### Items from a dataset
****

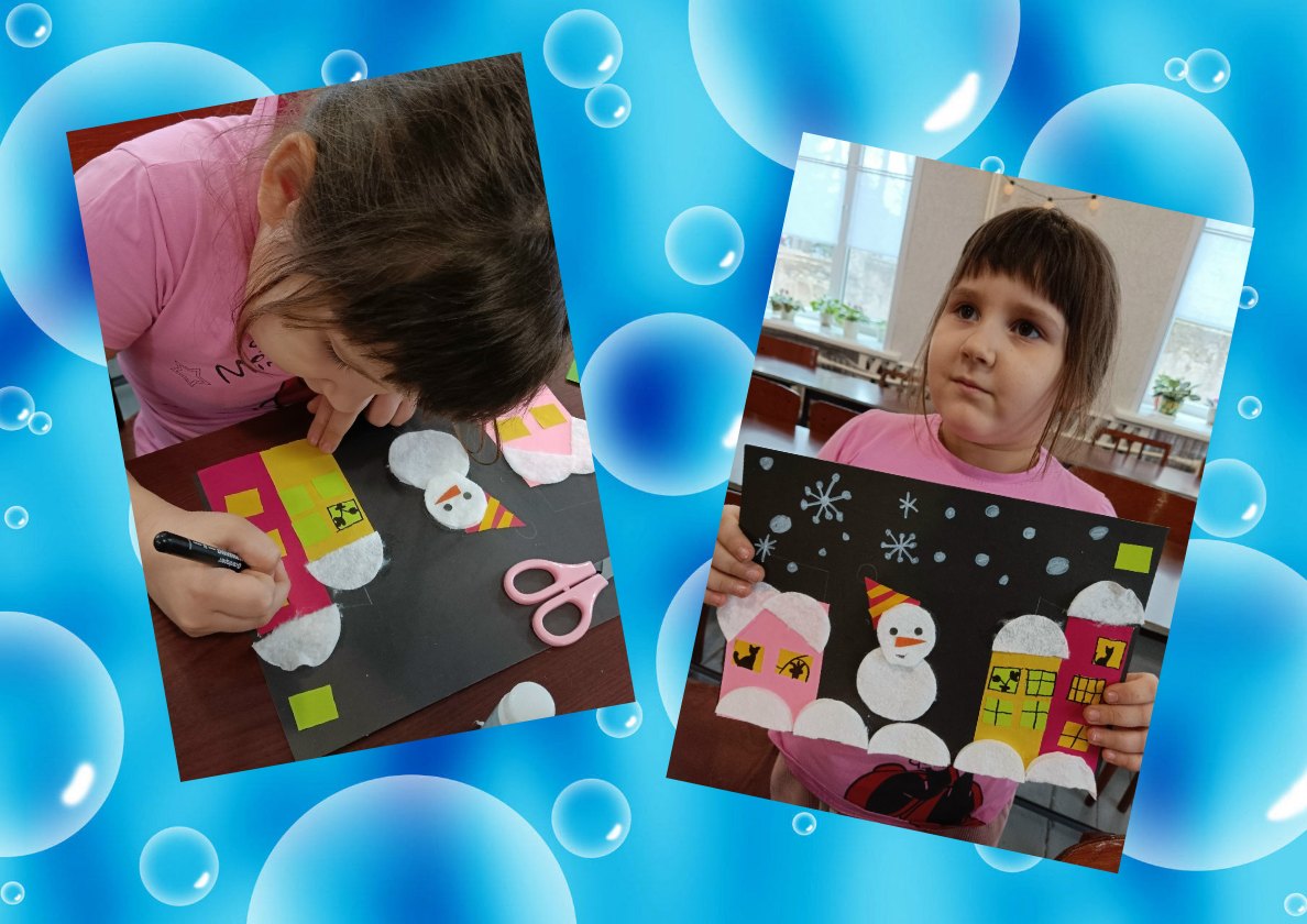 Под руководством опытного педагога обучающиеся делали аппликацию из ватных дисков:
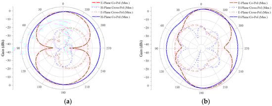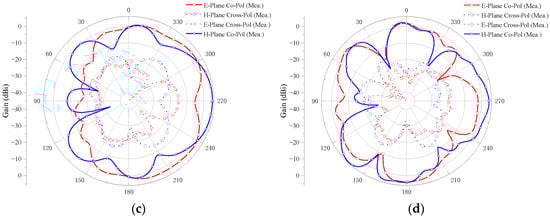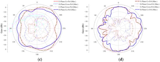 Figure 21. The measured radiation pattern of the proposed two-element MIMO antenna: (a) 2.8 GHz; (b) 6.5 GHz; (c) 10.6 GHz; (d) 14.3 GHz.
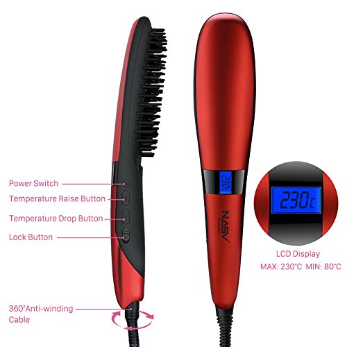 Elehot Nasv Electric Hair Straightening Brush (450℉/230°C Adjustable Temperature, Rapid Heating Technology, Suitable for 100V-240V, Auto Lock, Anti-scald )
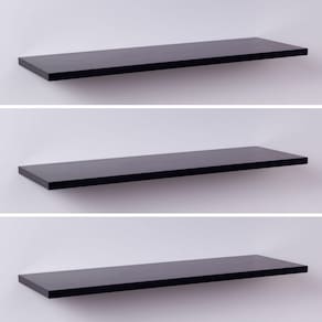 Kit com 3 Prateleiras de Madeira na cor Preto 40cm x 20cm x 1,5xm Com Suporte de Embutir (Invisível) . Cada prateleira do Kit é acompanhada de 2 suportes de tipo de Embutir (Invisível) para fixação. Descrições: Cor: Preto Tamanho: 40cm largura x 20 cm profundidade x 1,5cm espessura Material: Madeira MDP Fixação: de embutir (invisível) Instruções de uso e instalação: Para fácil limpeza, utilize pano levemente umedecido. Não utilizar produtos químicos ou abrasivos. Acompanha embalagem com as instruções de montagem e fixação. Observação: todos os itens de decoração das fotos não acompanham o produto. Ean: 7899983604502
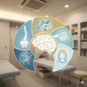 - 整体が頭痛を改善する3つのメカニズム 骨格矯正による筋肉バランスの回復、血流改善による脳への酸素供給、筋膜リリースによる深層筋へのアプローチ
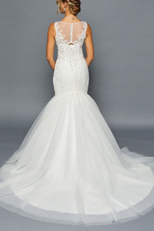 Wide Strap V Neck Mermaid Wedding Dress with Court Train
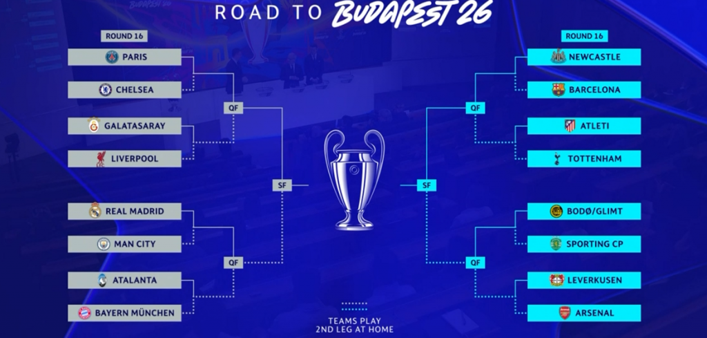 Европейската футболна асоциация (УЕФА) определи срещите за осминафиналите на Шампионската лига.
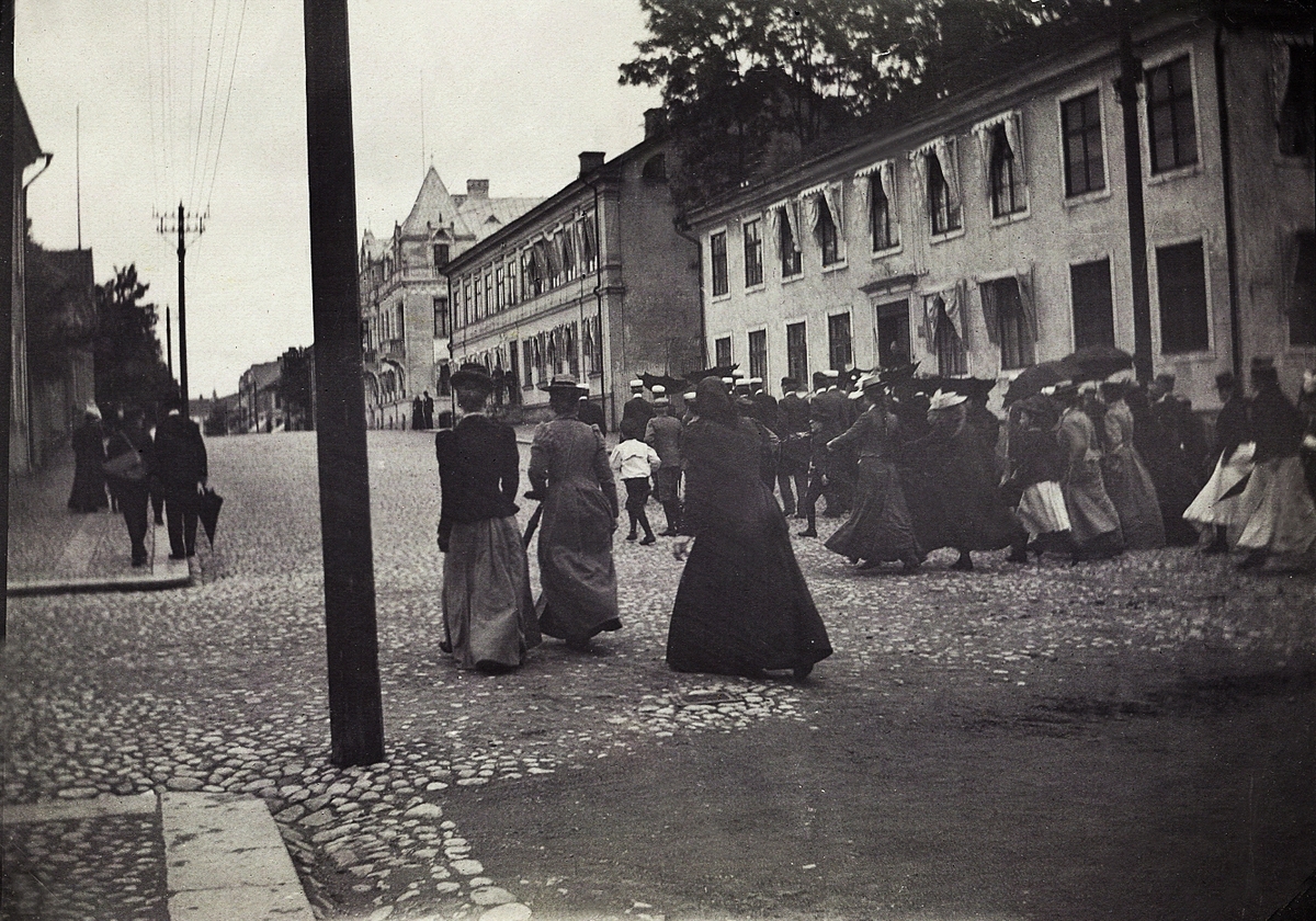 Studenter på marsch längs Kronobergsgatan norrut, tätt följda av nyfikna. Till höger ser man husen i kvarteren Kristina och Lejonet med apotekshuset, Kronobergsgatan 6.

****

### REQUIREMENT
All lines from the beginning of the entries above to the line containing "Wide Strap V", inclusive, should be printed exactly, apart from the pictures.

### SOLUTION
 Под руководством опытного педагога обучающиеся делали аппликацию из ватных дисков:
 Figure 21. The measured radiation pattern of the proposed two-element MIMO antenna: (a) 2.8 GHz; (b) 6.5 GHz; (c) 10.6 GHz; (d) 14.3 GHz.
 Elehot Nasv Electric Hair Straightening Brush (450℉/230°C Adjustable Temperature, Rapid Heating Technology, Suitable for 100V-240V, Auto Lock, Anti-scald )
 Kit com 3 Prateleiras de Madeira na cor Preto 40cm x 20cm x 1,5xm Com Suporte de Embutir (Invisível) . Cada prateleira do Kit é acompanhada de 2 suportes de tipo de Embutir (Invisível) para fixação. Descrições: Cor: Preto Tamanho: 40cm largura x 20 cm profundidade x 1,5cm espessura Material: Madeira MDP Fixação: de embutir (invisível) Instruções de uso e instalação: Para fácil limpeza, utilize pano levemente umedecido. Não utilizar produtos químicos ou abrasivos. Acompanha embalagem com as instruções de montagem e fixação. Observação: todos os itens de decoração das fotos não acompanham o produto. Ean: 7899983604502
 - 整体が頭痛を改善する3つのメカニズム 骨格矯正による筋肉バランスの回復、血流改善による脳への酸素供給、筋膜リリースによる深層筋へのアプローチ
 Wide Strap V Neck Mermaid Wedding Dress with Court Train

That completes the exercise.